In the popular imagination, religion tends to oscillate between quietism and theocracy. Where some communities withdraw from the world to focus on spiritual concerns, others subject the public sphere to divine authority. In my view, medieval negative theology models a third alternative, which pursues radical critique while encouraging persistent affirmation. Much as negative theology opens spiritual possibilities through disciplined negativity, negative political theology affirms particular projects in a provisional mode. Through hope, it inhabits the tension between possibility and disruption.
Writing today, in the face of rising authoritarianism, I think there is power in negative political theology.
1) First, because negativity is capacious.
Empirical research indicates that authoritarian political movements are motivated to a significant degree by anxiety at a perceived loss of cultural dominance. In my view, hope names the possibility of accepting anxiety of this kind rather than denying or displacing it. This points to the possibility of processing the volatile emotions that bedevil our politics – a way to acknowledge that the feeling of disruption is real, but it needn’t be displaced onto invented enemies.
At the same time, the negativity I’ve described enables us to engage in political conflict without abandoning the hope for reconciliation. Reading feminist theorists like Joan Wallach Scott, Judith Butler, and Bonnie Honig has convinced me that conflict is a central task of politics, particularly when vulnerable groups are under threat. With the labor movement in mind as a model, I think we need to mobilize for the purpose of strategic political conflict while continuing to organize a broad coalition.
On an affective level, it is difficult to do both of these things at once, just as it is hard to acknowledge how rapidly a culture can change. In this context, negative political theology can help us to theorize a politics capacious enough to incorporate connection and conflict, sympathy and refusal, appreciation and anger.
2) Second, because negativity is experimental.
As embodied by The Divine Comedy and the Cathedral at Chartres, the negativity of Dionysian theology does not impose pure silence. Instead, it encourages profuse imagination. Something similar is at work in Derrida’s circuitous style, continually interrupting itself, lost in the ecstasy of subordinate clauses. On this model, at a time when it can be difficult to see a way forward, negative political theology frees experimentation with the thought that nothing is final.

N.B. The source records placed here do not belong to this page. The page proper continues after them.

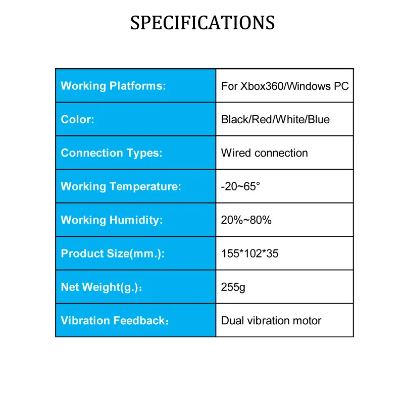 Этот геймпад поддерживает консоль xbox 360. Два Точка давления, триггеры, два вибрации отзывы моторы и в 8-канальный видеорегистратор стрелка помогут вам оставаться в управления и игрок чувствует себя так, как будто они на поле боя. Кнопка «Центральный Дом» в середине проводного геймпада обеспечивает быстрый доступ к вашим цифровым фильмам, музыкальным и игровым библиотекам.
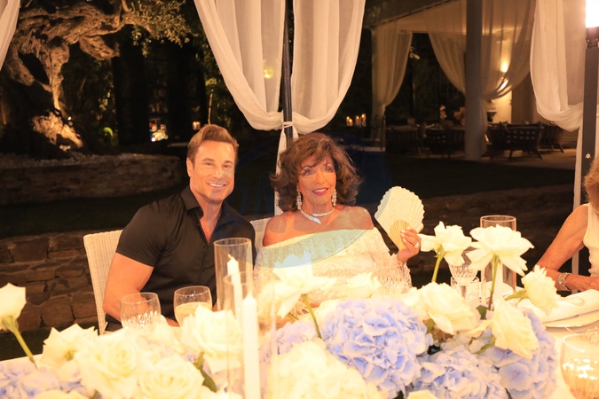 Exclusif - Rene Horsch, Joan Collins - Soirée privée chez le prince Charles et la princesse Camilla de Bourbon des Deux-Siciles au Château de Saint-Tropez à Saint-Tropez, à l'occasion de la présentation du super yacht résidentiel Ulyssia Ce bateau, qui fera 324 mètres de long, soit 55 mètres de plus que le Titanic, sillonnera les mers à partir de 2028, et pourra accueillir 132 résidences privées dans un luxe extraordinaire. Le 30 juillet 2024 © Franz Chavaroche / Bestimage Exclusive - For Germany Call for price - Private party at the Prince and Princess of Bourbon of the Two Sicilies in Saint-Tropez, on the occasion of the presentation of the super residential yacht Ulyssia. This ship, which will be 324 meters long, 55 meters longer than the Titanic, will sail the seas from 2028, and will be able to accommodate 132 private residences in extraordinary luxury. On July 30th 2024
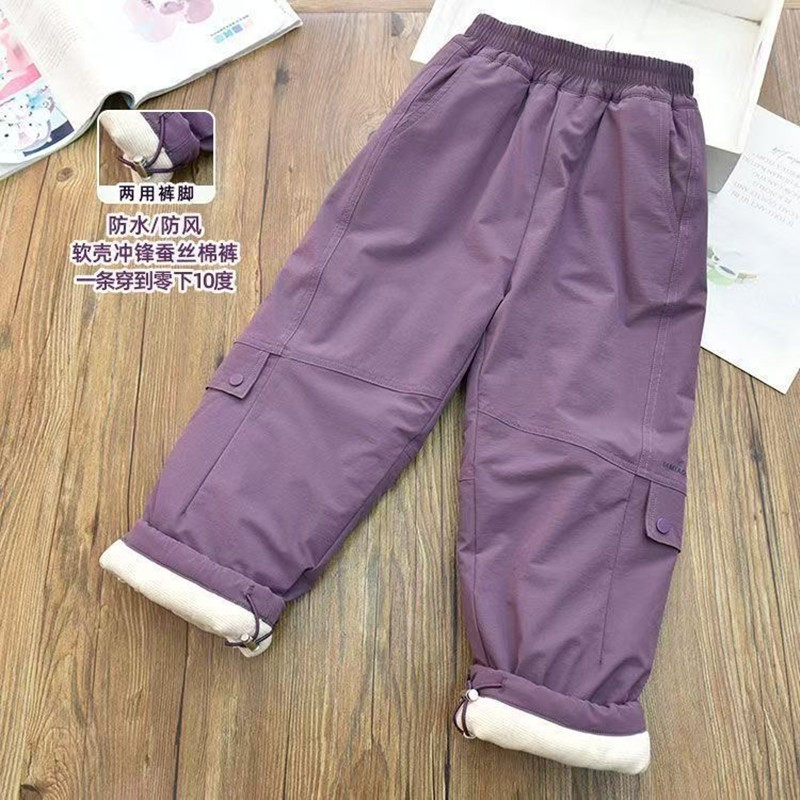 📚 中大童软壳冲锋裤滑雪裤冬季夹棉加厚棉裤防风防水保暖外穿
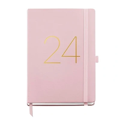 Miquelrius Annual Planner 2024, Day Page, Plus Size 155 x 213 mm (similar A5), Stitched Leather Hard Cover, Elastic Rubber, Catalan, English and Portuguese, Pink
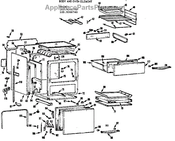 Parts for Kenmore 103.9366700 (1039366700, 103 9366700): Body And Oven Element Parts
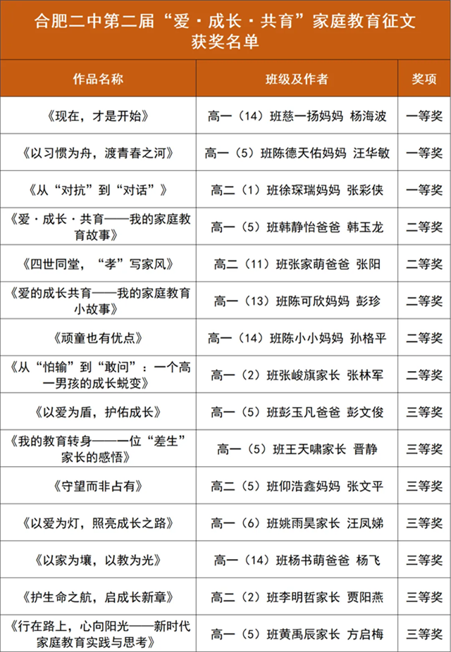 为深入贯彻《中华人民共和国家庭教育促进法》文件精神,落实立德树人根本任务,推动家校社协同育人走深走实,2026年2月2日-3月6日,合肥市第二中学成功举办第二届“爱?成长?共育——我的家庭教育故事”征文活动。活动聚焦家庭教育主体责任,搭建经验交流与理念共享平台,吸引了全校学生家长踊跃参与,征集优秀作品近百篇,最终精选15篇获奖文章。
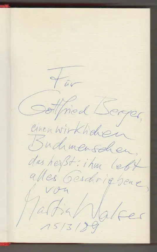 Bemerkungen: W.-G.² 58 - Mit eigenh. mehrzeiliger Widmung Walsers a. d. flieg. Vorsatz, datiert 15. 3. [19]89.
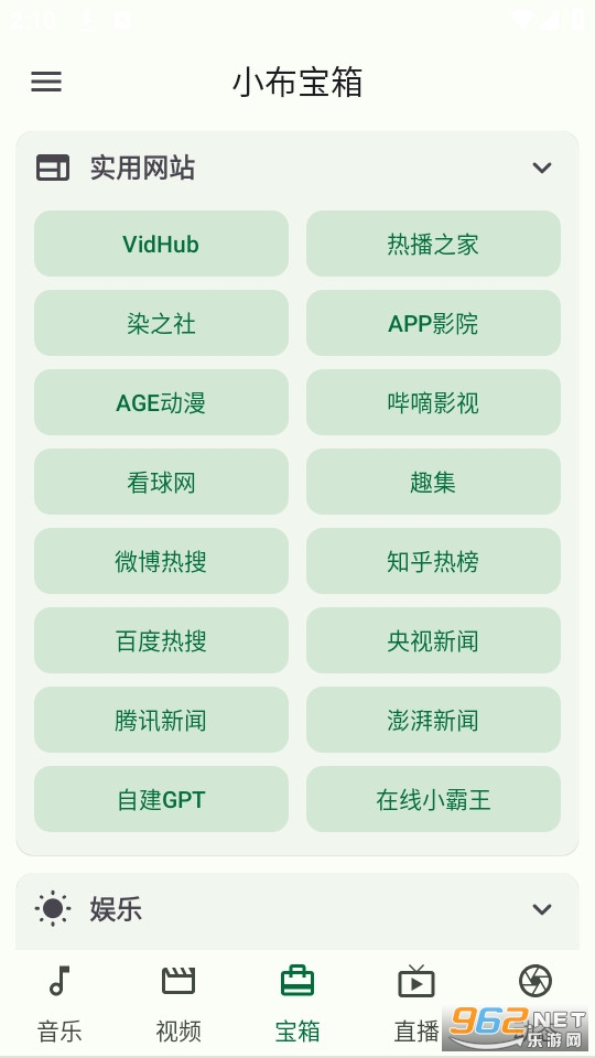 《小布百宝箱》是非常好用的手机工具箱以及资源库软件,为大家准备了很多强大的功能,界面简单,没有任何广告,海量的音乐、视频以及直播等你进行阅览,另外宝箱中还有很多实用的工具。快来下载体验吧!
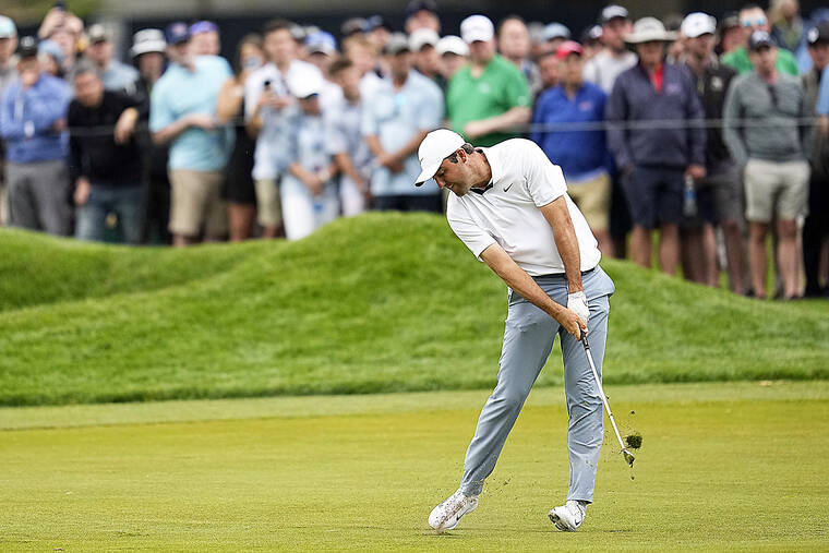 Scheffler delivered a mix of birdies and great recoveries from wet, nasty rough Friday until he couldn’t escape one last errant tee shot on the 18th that cost him the lead, but certainly did little to dim his optimism.
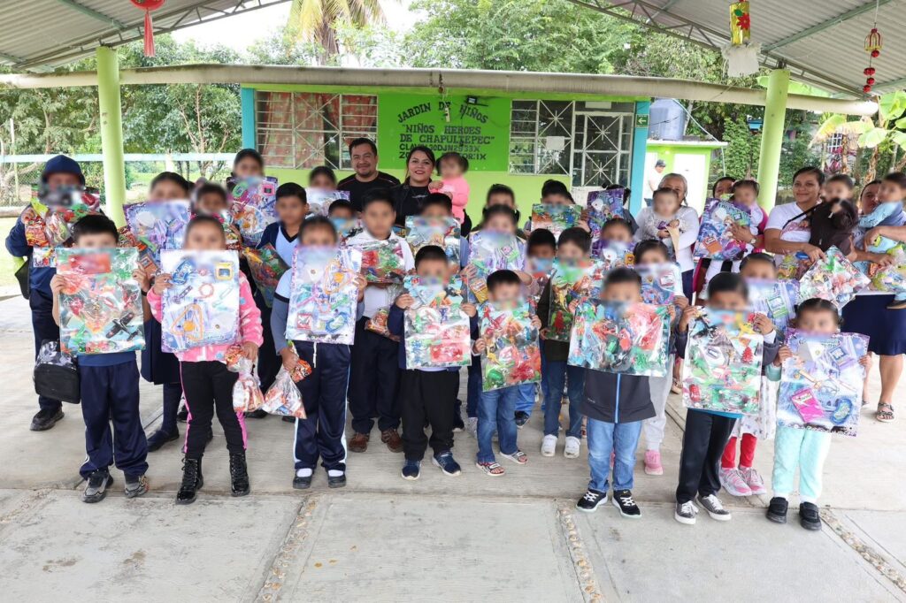 La actividad fue encabezada por la Presidenta Honoraria del Sistema DIF Minatitlán, licenciada Denhia Herrera Cupil, quien reiteró el compromiso de la institución de mantener una relación cercana y permanente con la población de la zona rural, especialmente con la niñez.

This negativity cuts against a politics of nostalgia (which seeks to conserve the imagined glories of the past) and apocalypse (which rejects the world as irredeemably compromised). Although I have learned a great deal from apocalyptic thinkers such as Jacob Taubes, I think they sometimes underestimate the value of small improvements in a broken world. In contrast, negative political theology encourages concrete projects in an experimental mode.
To be sure, it is a small thing to build a bit more affordable housing in Tallahassee while millions are starving in Gaza. And yet, even if the benefit falls far short of the horrors that remain, doing what we can is still worth the sweat. Negative political theology offers one way to face both demands – the importance of reform, however modest it might be, and the urgency of utopian critique.